Figure 9

In vivo binding of ZAR2 protein to the BRCA2/ZAR2 gene promoter. (A) PCR amplification of the immunoprecipitated chromatin DNA fragment pulled down with FLAG antibody from synchronized MCF7 cells over-expressing C-terminal FLAG-tagged ZAR2 protein at the G0/G1 and S/G2 phases. Input DNA (5% was used as control.

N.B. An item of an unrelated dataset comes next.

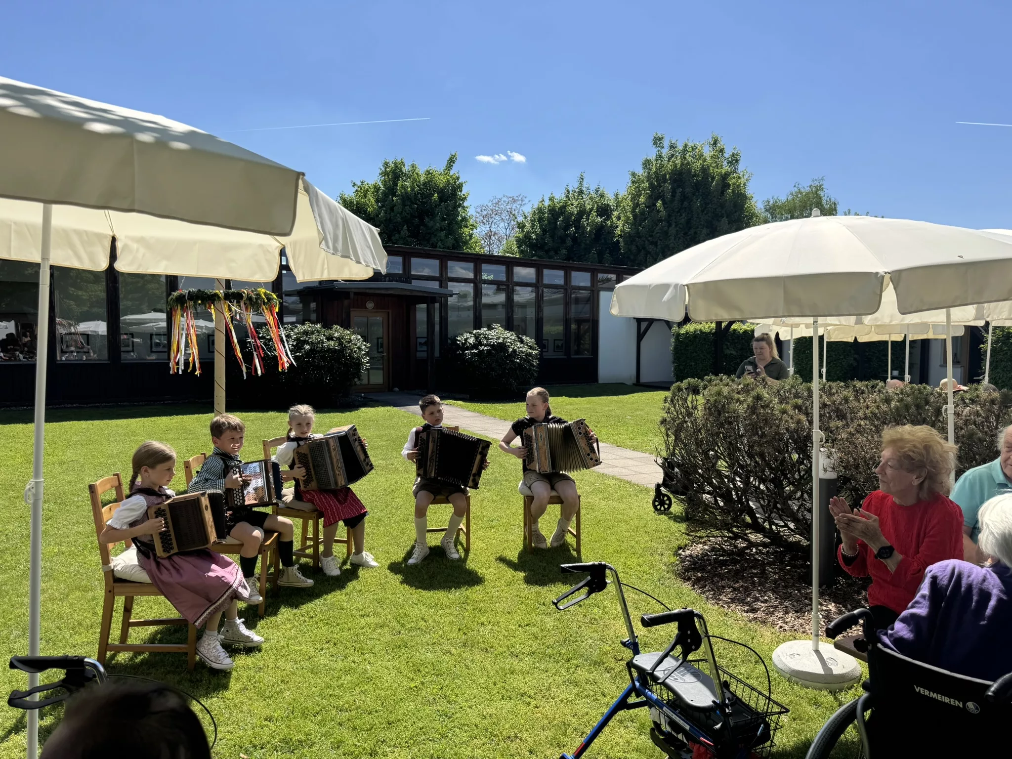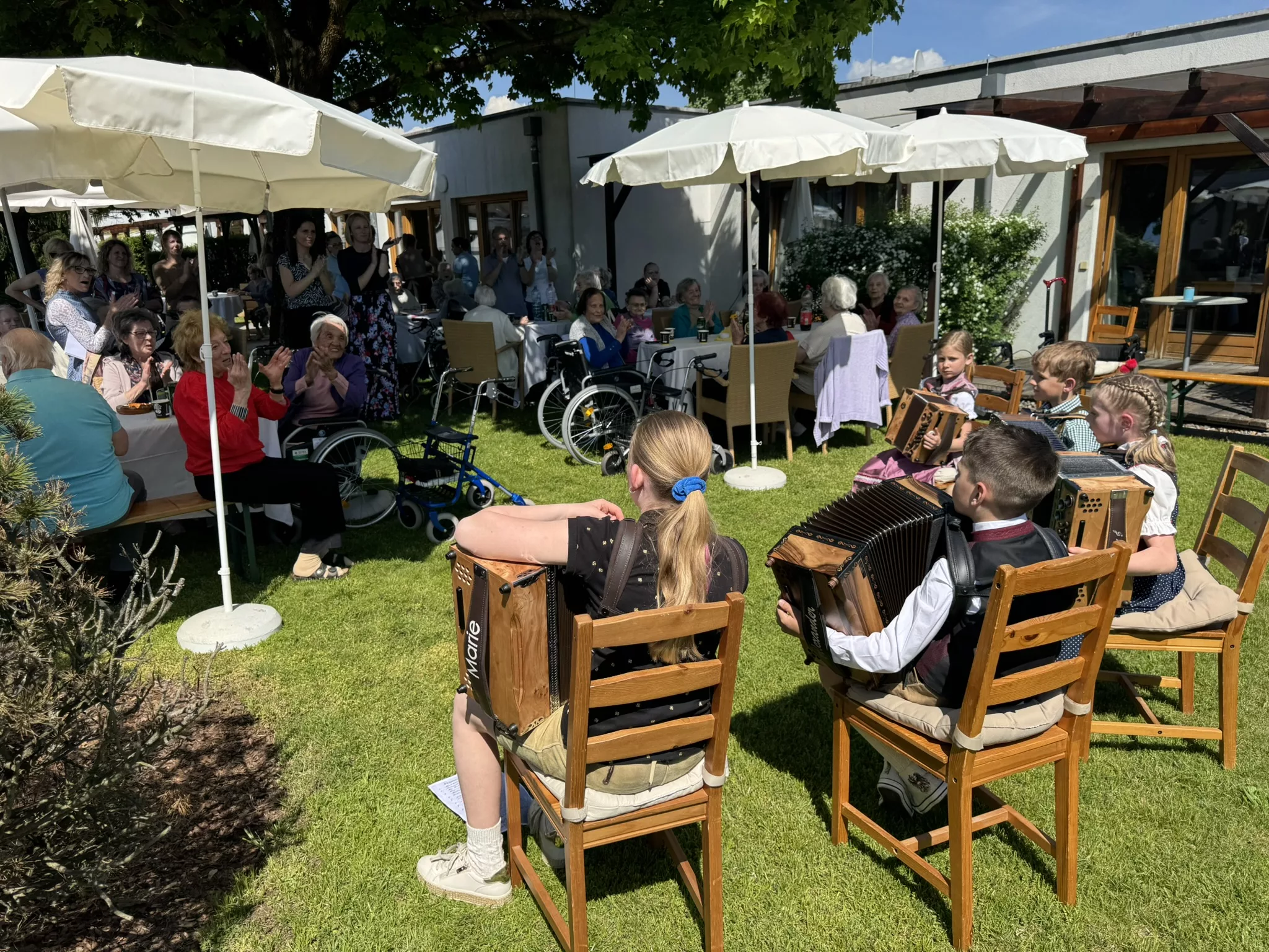 Die fünf jungen Mitglieder– Marie Rappitsch, Clarissa Kienzl, Alexander Pachatz, Lukas Deutschmann und Emily Schöner – beeindruckten unsere Bewohnerinnen und Bewohner und alle anderen Anwesenden. Wir waren zutiefst berührt davon, mit wie viel Gefühl, Hingabe und erstaunlichem Können die jungen Talente in so jungen Jahren die steirischen Harmonikas bereits spielen.

Chromatin DNA fragments mock precipitated with mouse IgG did not significantly amplified any detectable DNA. BRCA2 gene promoter specific primers [21] were used for PCR amplifications. (B) Quantitative ChIP analysis of ZAR2 recruitment to BRCA2/ZAR2 bi-directional promoter in MCF7 cells at G0/G1 and S/G2 phases. qChIP-PCR analyses were performed with chromatin extracts harvested from cells over expressing C-terminal FLAG-tagged ZAR2. The mean values from triplicate data points are plotted and error bars indicate ± SE. The amplification values are normalized by subtraction with IgG control antibody and then division with 1% input DNA. Data shown were representative of three independent experiments (mean + SE) and the difference between the G0/G1 phase and the S/G2 phase cells was statistically significant (shown by '*'; p < 0.001).